Le calendrier européen prévoit, au même moment, une réunion de la Communauté politique européenne le 12 novembre à Dublin. Elle sera suivie, le 13 novembre, d’une réunion informelle des chefs d’État ou de gouvernement de l’Union européenne, également organisée dans la capitale irlandaise.
Le président français est ensuite attendu au Cambodge les 15 et 16 novembre pour le XXe Sommet de la Francophonie. Une visite d’État d’Emmanuel Macron sera organisée en marge du sommet. Le déplacement permettra à Paris de réaffirmer son engagement dans l’espace francophone et de renforcer ses relations avec un pays situé au cœur de la stratégie française en Indo-pacifique.
Fin novembre, un Conseil européen spécial est envisagé les 26 et 27 à Bruxelles, principalement autour du futur budget de l’Union.

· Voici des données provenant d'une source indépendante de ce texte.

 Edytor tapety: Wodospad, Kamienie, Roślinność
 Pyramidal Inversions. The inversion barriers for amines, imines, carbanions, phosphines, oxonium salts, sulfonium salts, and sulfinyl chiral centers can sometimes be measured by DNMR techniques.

Une étape à Abou Dhabi pourrait également s’ajouter au calendrier présidentiel. Les Émirats arabes unis et le Sénégal y organiseront, du 8 au 10 décembre, la Conférence des Nations unies sur l’eau. La rencontre doit réunir plusieurs dirigeants internationaux. Emmanuel Macron pourrait y participer. Une présence qui densifierait encore son agenda, quatre jours avant l’ouverture du G20 chez Donald Trump aux États-Unis.

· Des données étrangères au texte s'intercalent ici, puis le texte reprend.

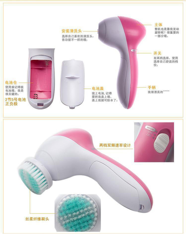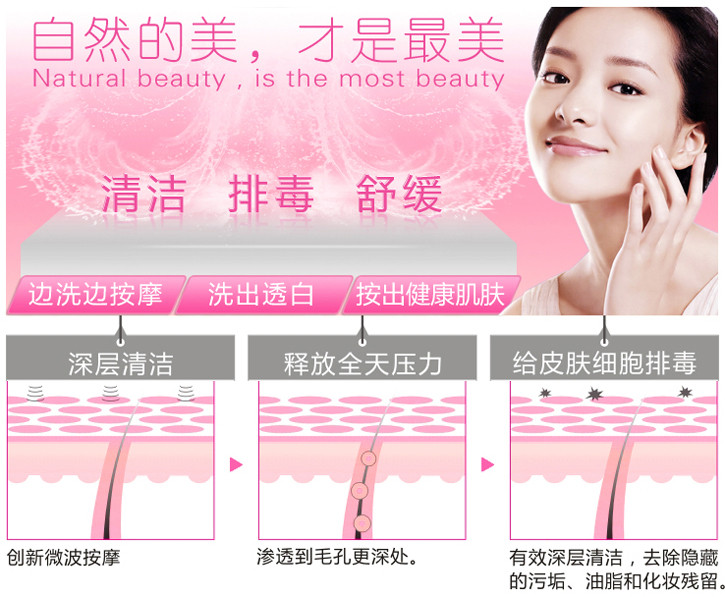 5:“柔软微细毛刷”配头:配合洁面乳,清洁脸部的污垢,柔软细密的刷毛,在洗脸的时候,可有效清洁毛孔的污垢、灰尘,给脸部细腻柔和的清爽享受。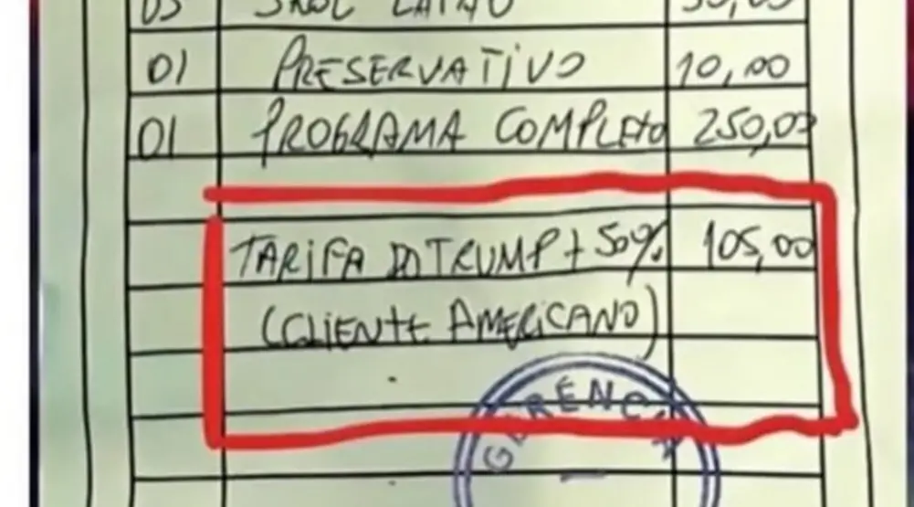 Suposto recibo de um cabaré, que seria localizado em Fortaleza (CE), viralizou nas redes sociais nessa sexta-feira (11/7). O papel apresenta a conta de consumo do estabelecimento, com produtos e serviços, mas chamou a atenção por um detalhe inusitado: o valor total foi acrescido em 50%, como “tarifa do Trump”, porque o cliente seria norte-americano.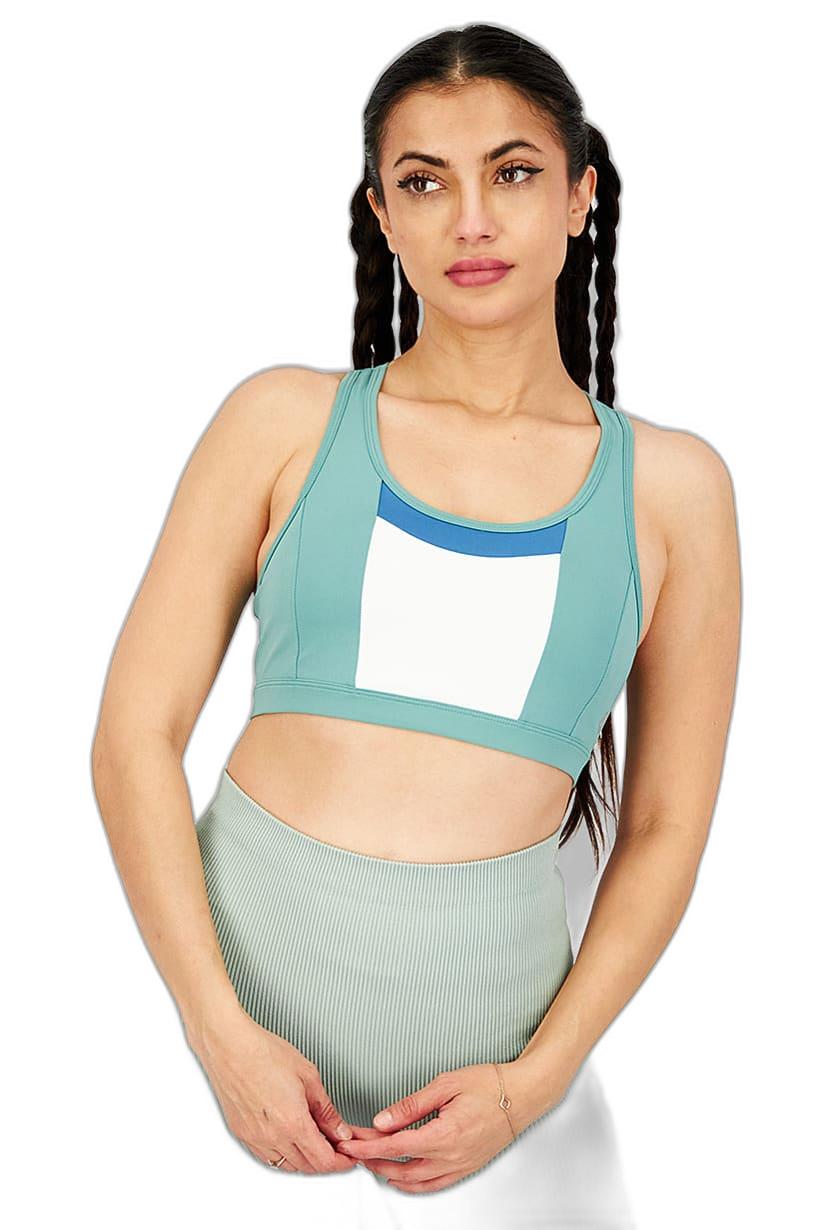 | sub_Categories | Women Clothing, Sportswear, women sportswear fit color block padded sports bra sage and white |

Le sommet du G20 se tiendra en effet à Miami les 14 et 15 décembre. La France étant membre de cette enceinte, le locataire de l’Élysée y est naturellement attendu même si l’administration Trump a déjà fait savoir que la Russie serait aussi conviée à ce rendez-vous. Le Kremlin n’a pas indiqué si Vladimir Poutine ferait lui-même le déplacement ou si Moscou serait représenté à un autre niveau.
Enfin, deux jours plus tard, le 17 décembre, un dernier Conseil européen est programmé à Bruxelles. - Entre les lignes. Cette succession de sommets offrira à Emmanuel Macron une scène que les candidats à la présidentielle ne peuvent pas encore lui disputer.

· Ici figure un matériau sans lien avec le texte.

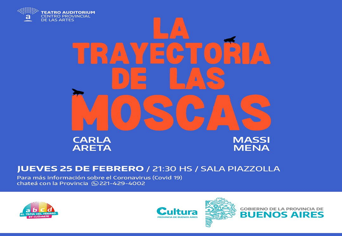 En esta oportunidad subirá a escena la obra “La trayectoria de las moscas” con actuación, dramaturgia y dirección de Carla Areta y Massimiliano Mena. La función será el jueves 25 de febrero a las 21.30 en la Sala Astor Piazzolla.

À Paris, il pourra mettre en avant la souveraineté technologique et spatiale. Aux Nations unies, le multilatéralisme. À Split, Bruxelles et Dublin, la capacité d’action de l’Europe et les intérêts des pays méditerranéens. À Antalya, la diplomatie climatique. Au Cambodge, la Francophonie et l’Indo-pacifique. À Miami, enfin, les équilibres économiques mondiaux et la relation avec l’administration américaine.
Mais cette visibilité internationale aura son envers : à partir de septembre, chacun de ces déplacements sera observé à travers le prisme de l’échéance présidentielle. Les sommets européens d’octobre et de décembre, ainsi que la séquence de novembre, interviendront en pleine discussion budgétaire en France. L’opposition ne manquera pas de confronter les ambitions diplomatiques du président aux contraintes économiques et politiques nationales. - Ce que cela révèle. La campagne pour la présidentielle ne mettra pas l’action d’Emmanuel Macron à l’international entre parenthèses. L’automne 2026 permettra au chef de l’État de continuer à peser.